Data below:
○ ○ ○ ○ ○ ○ ○
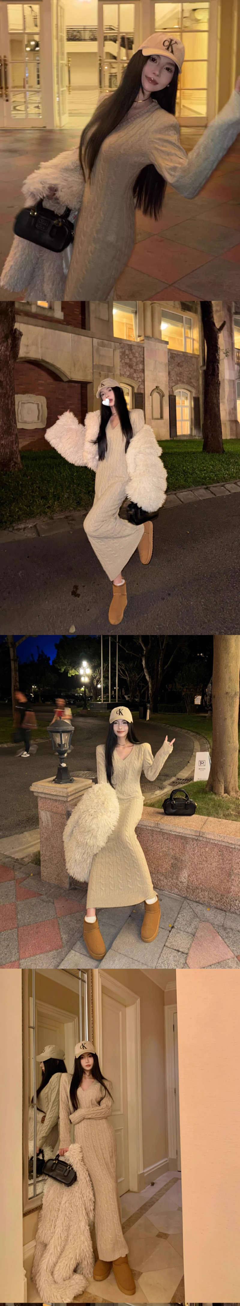 ALORA 性感V領麻花針織洋裝,ALORA
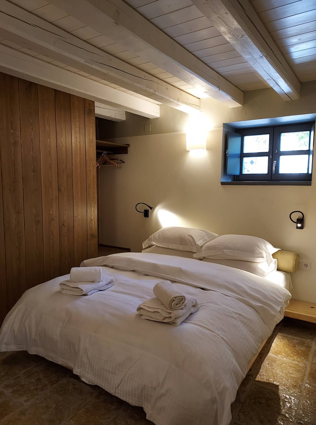 A typical double room in our guesthouse has two single beds, one next to the other and maybe a sofa bed with an ergonomic mattress or a convertible sofa bed that is that is recommended for use by children. These type of rooms cost 50-60 euros depending on weather or not you would also like breakfast or not. There is no charge for extra bed! All rooms have their private bathroom with toilet and in most of them there is a small Jacuzzi. As you enter the guesthouse, you feel the authentic Macedonian hospitality, the warm, home-inspired atmosphere; you see the people’s genuine smile. The classic but at the same time traditional aesthetic is around you wherever you look, with its sense of wood and stone. The sitting room, just like the sitting room back home, is designed to offer all the comforts and relaxation we so much need; it is meant for bringing us closer. The smell of freshly home-baked pies and desserts spreads out from the kitchen. At the patio, we enjoy breakfast and the evening tea or coffee. From the play room, we hear the children laughing, happy that they can enjoy their own separate space which has been specially designed with play equipment suitable for all ages. All rooms carefully decorated with details inspired by the flower scents and colors of the surrounding mountains. Some rooms are set with the romantic in mind, while others, designed in two levels with a stilted attic, are laid out for more family use. In all bathrooms a Jacuzzi is there to offer relaxation to the most active travelers, after having trekked on the mountain trails. …about the location and around Goumenissa, is centrally located at the ‘heart’ of Macedonia, Northwest of Thessalonica, right next to a plethora beautiful but ‘secret’ lands. Mount Paiko, dotted with traditional villages, green up to the summit, empties some of its numerous springs down to the central square of the traditional town, with the huge perennial plane trees. The surrounding landscape is of unique beauty. The successive rolling vineyard hills at the roots of Paiko create scenery difficult to describe in words. The guesthouse is right off the center of the town where you may find some very good tavernas and restaurants and also small kebab stores, crepes and pizza places. Public transport will drop you 200m off the guesthouse and there is an hourly bus service from Thessaloniki. We may organize, mountain walks, show you cycle routes and provide you with bicycles, show you around the local wineries, take you to waterfalls and lakes for swimming, all these for a small fee. It is much better though, if you have your own means of transport to cover bigger distances up in mount Paiko, although many of the attractions are on walking distance from the guesthouse. Autumn and Winter in Paiko offer to the voyagers a feast of colours. The aromas and flavors of local wine and raki (tsipouro) are tempting guests to taste them in any of the local wineries. The sound of the renowned ‘Goumenissa Brass Band’ (Chalkina of Goumenissa) reverberates and blends with the landscape. Spring and Summer in Paiko await to welcome the travelers under the shade of oaks, chestnut trees and planes, along the forest trails; by the brooks and numerous waterfalls. A journey for all those who seek quiet lands, unspoilt by the many, authentic hospitality and a genuine smile… Let us know in case you need more info... :-)
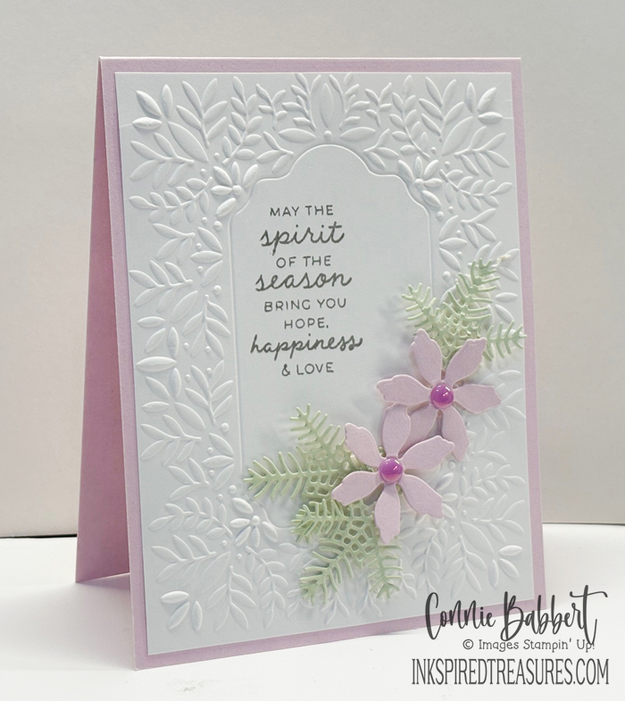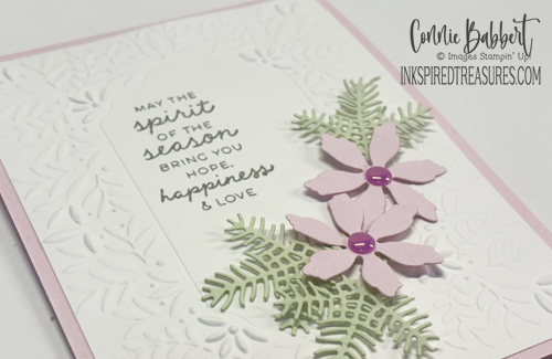 - Two of the pine branches were cut from Soft Sea Foam cardstock. The pine branches were cut in half, then three of them tucked under the poinsettia flowers.
○ ○ ○ ○ ○ ○ ○
Requirement: Reproduce the listing exactly, images omitted.

Solution below:
 ALORA 性感V領麻花針織洋裝,ALORA
 A typical double room in our guesthouse has two single beds, one next to the other and maybe a sofa bed with an ergonomic mattress or a convertible sofa bed that is that is recommended for use by children. These type of rooms cost 50-60 euros depending on weather or not you would also like breakfast or not. There is no charge for extra bed! All rooms have their private bathroom with toilet and in most of them there is a small Jacuzzi. As you enter the guesthouse, you feel the authentic Macedonian hospitality, the warm, home-inspired atmosphere; you see the people’s genuine smile. The classic but at the same time traditional aesthetic is around you wherever you look, with its sense of wood and stone. The sitting room, just like the sitting room back home, is designed to offer all the comforts and relaxation we so much need; it is meant for bringing us closer. The smell of freshly home-baked pies and desserts spreads out from the kitchen. At the patio, we enjoy breakfast and the evening tea or coffee. From the play room, we hear the children laughing, happy that they can enjoy their own separate space which has been specially designed with play equipment suitable for all ages. All rooms carefully decorated with details inspired by the flower scents and colors of the surrounding mountains. Some rooms are set with the romantic in mind, while others, designed in two levels with a stilted attic, are laid out for more family use. In all bathrooms a Jacuzzi is there to offer relaxation to the most active travelers, after having trekked on the mountain trails. …about the location and around Goumenissa, is centrally located at the ‘heart’ of Macedonia, Northwest of Thessalonica, right next to a plethora beautiful but ‘secret’ lands. Mount Paiko, dotted with traditional villages, green up to the summit, empties some of its numerous springs down to the central square of the traditional town, with the huge perennial plane trees. The surrounding landscape is of unique beauty. The successive rolling vineyard hills at the roots of Paiko create scenery difficult to describe in words. The guesthouse is right off the center of the town where you may find some very good tavernas and restaurants and also small kebab stores, crepes and pizza places. Public transport will drop you 200m off the guesthouse and there is an hourly bus service from Thessaloniki. We may organize, mountain walks, show you cycle routes and provide you with bicycles, show you around the local wineries, take you to waterfalls and lakes for swimming, all these for a small fee. It is much better though, if you have your own means of transport to cover bigger distances up in mount Paiko, although many of the attractions are on walking distance from the guesthouse. Autumn and Winter in Paiko offer to the voyagers a feast of colours. The aromas and flavors of local wine and raki (tsipouro) are tempting guests to taste them in any of the local wineries. The sound of the renowned ‘Goumenissa Brass Band’ (Chalkina of Goumenissa) reverberates and blends with the landscape. Spring and Summer in Paiko await to welcome the travelers under the shade of oaks, chestnut trees and planes, along the forest trails; by the brooks and numerous waterfalls. A journey for all those who seek quiet lands, unspoilt by the many, authentic hospitality and a genuine smile… Let us know in case you need more info... :-)
 - Two of the pine branches were cut from Soft Sea Foam cardstock. The pine branches were cut in half, then three of them tucked under the poinsettia flowers.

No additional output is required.